DIRECTIONS FOR THIS TASK: Restate the records exactly. Include all of them.
************
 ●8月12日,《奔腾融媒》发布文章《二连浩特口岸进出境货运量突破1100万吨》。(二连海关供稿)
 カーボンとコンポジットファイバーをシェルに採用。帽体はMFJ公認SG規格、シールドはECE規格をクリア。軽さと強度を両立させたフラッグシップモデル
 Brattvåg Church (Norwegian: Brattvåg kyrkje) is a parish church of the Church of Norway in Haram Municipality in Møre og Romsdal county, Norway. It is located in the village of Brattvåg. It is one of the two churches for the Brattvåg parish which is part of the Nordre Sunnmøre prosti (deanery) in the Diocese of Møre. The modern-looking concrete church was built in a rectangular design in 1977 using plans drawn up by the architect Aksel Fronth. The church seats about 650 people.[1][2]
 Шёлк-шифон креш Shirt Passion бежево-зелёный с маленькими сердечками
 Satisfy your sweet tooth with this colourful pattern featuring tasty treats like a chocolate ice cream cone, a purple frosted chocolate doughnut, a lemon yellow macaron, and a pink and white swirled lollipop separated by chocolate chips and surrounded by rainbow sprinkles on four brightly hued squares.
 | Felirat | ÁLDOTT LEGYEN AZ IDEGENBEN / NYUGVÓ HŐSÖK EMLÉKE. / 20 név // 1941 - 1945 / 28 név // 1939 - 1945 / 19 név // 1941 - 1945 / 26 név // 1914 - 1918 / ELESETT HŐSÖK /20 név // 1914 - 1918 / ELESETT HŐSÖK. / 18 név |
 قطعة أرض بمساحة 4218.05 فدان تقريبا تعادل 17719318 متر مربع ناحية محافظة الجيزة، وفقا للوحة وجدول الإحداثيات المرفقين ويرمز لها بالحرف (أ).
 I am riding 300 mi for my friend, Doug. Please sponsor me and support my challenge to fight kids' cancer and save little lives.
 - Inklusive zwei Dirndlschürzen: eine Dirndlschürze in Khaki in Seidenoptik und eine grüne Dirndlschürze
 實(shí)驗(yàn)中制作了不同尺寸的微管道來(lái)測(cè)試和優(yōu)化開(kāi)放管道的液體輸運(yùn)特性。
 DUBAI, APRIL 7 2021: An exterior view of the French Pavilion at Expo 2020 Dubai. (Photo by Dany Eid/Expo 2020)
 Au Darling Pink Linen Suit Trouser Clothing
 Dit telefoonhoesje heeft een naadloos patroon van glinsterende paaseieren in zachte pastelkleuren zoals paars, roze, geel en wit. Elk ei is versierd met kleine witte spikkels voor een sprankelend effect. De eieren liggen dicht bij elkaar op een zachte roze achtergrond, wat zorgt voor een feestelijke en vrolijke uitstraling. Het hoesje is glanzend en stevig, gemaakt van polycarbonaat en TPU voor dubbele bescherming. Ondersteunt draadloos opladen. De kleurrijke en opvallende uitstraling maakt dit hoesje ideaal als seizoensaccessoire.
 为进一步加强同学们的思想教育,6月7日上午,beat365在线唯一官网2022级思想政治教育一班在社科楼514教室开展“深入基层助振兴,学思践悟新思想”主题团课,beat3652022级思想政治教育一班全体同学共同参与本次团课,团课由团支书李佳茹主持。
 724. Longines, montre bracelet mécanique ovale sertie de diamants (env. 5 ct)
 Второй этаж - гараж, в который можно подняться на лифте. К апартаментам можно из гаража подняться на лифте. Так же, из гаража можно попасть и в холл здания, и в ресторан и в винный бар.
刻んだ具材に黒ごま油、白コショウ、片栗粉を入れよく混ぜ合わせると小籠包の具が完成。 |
************
TASK RESULT:
 ●8月12日,《奔腾融媒》发布文章《二连浩特口岸进出境货运量突破1100万吨》。(二连海关供稿)
 カーボンとコンポジットファイバーをシェルに採用。帽体はMFJ公認SG規格、シールドはECE規格をクリア。軽さと強度を両立させたフラッグシップモデル
 Brattvåg Church (Norwegian: Brattvåg kyrkje) is a parish church of the Church of Norway in Haram Municipality in Møre og Romsdal county, Norway. It is located in the village of Brattvåg. It is one of the two churches for the Brattvåg parish which is part of the Nordre Sunnmøre prosti (deanery) in the Diocese of Møre. The modern-looking concrete church was built in a rectangular design in 1977 using plans drawn up by the architect Aksel Fronth. The church seats about 650 people.[1][2]
 Шёлк-шифон креш Shirt Passion бежево-зелёный с маленькими сердечками
 Satisfy your sweet tooth with this colourful pattern featuring tasty treats like a chocolate ice cream cone, a purple frosted chocolate doughnut, a lemon yellow macaron, and a pink and white swirled lollipop separated by chocolate chips and surrounded by rainbow sprinkles on four brightly hued squares.
 | Felirat | ÁLDOTT LEGYEN AZ IDEGENBEN / NYUGVÓ HŐSÖK EMLÉKE. / 20 név // 1941 - 1945 / 28 név // 1939 - 1945 / 19 név // 1941 - 1945 / 26 név // 1914 - 1918 / ELESETT HŐSÖK /20 név // 1914 - 1918 / ELESETT HŐSÖK. / 18 név |
 قطعة أرض بمساحة 4218.05 فدان تقريبا تعادل 17719318 متر مربع ناحية محافظة الجيزة، وفقا للوحة وجدول الإحداثيات المرفقين ويرمز لها بالحرف (أ).
 I am riding 300 mi for my friend, Doug. Please sponsor me and support my challenge to fight kids' cancer and save little lives.
 - Inklusive zwei Dirndlschürzen: eine Dirndlschürze in Khaki in Seidenoptik und eine grüne Dirndlschürze
 實(shí)驗(yàn)中制作了不同尺寸的微管道來(lái)測(cè)試和優(yōu)化開(kāi)放管道的液體輸運(yùn)特性。
 DUBAI, APRIL 7 2021: An exterior view of the French Pavilion at Expo 2020 Dubai. (Photo by Dany Eid/Expo 2020)
 Au Darling Pink Linen Suit Trouser Clothing
 Dit telefoonhoesje heeft een naadloos patroon van glinsterende paaseieren in zachte pastelkleuren zoals paars, roze, geel en wit. Elk ei is versierd met kleine witte spikkels voor een sprankelend effect. De eieren liggen dicht bij elkaar op een zachte roze achtergrond, wat zorgt voor een feestelijke en vrolijke uitstraling. Het hoesje is glanzend en stevig, gemaakt van polycarbonaat en TPU voor dubbele bescherming. Ondersteunt draadloos opladen. De kleurrijke en opvallende uitstraling maakt dit hoesje ideaal als seizoensaccessoire.
 为进一步加强同学们的思想教育,6月7日上午,beat365在线唯一官网2022级思想政治教育一班在社科楼514教室开展“深入基层助振兴,学思践悟新思想”主题团课,beat3652022级思想政治教育一班全体同学共同参与本次团课,团课由团支书李佳茹主持。
 724. Longines, montre bracelet mécanique ovale sertie de diamants (env. 5 ct)
 Второй этаж - гараж, в который можно подняться на лифте. К апартаментам можно из гаража подняться на лифте. Так же, из гаража можно попасть и в холл здания, и в ресторан и в винный бар.
刻んだ具材に黒ごま油、白コショウ、片栗粉を入れよく混ぜ合わせると小籠包の具が完成。 |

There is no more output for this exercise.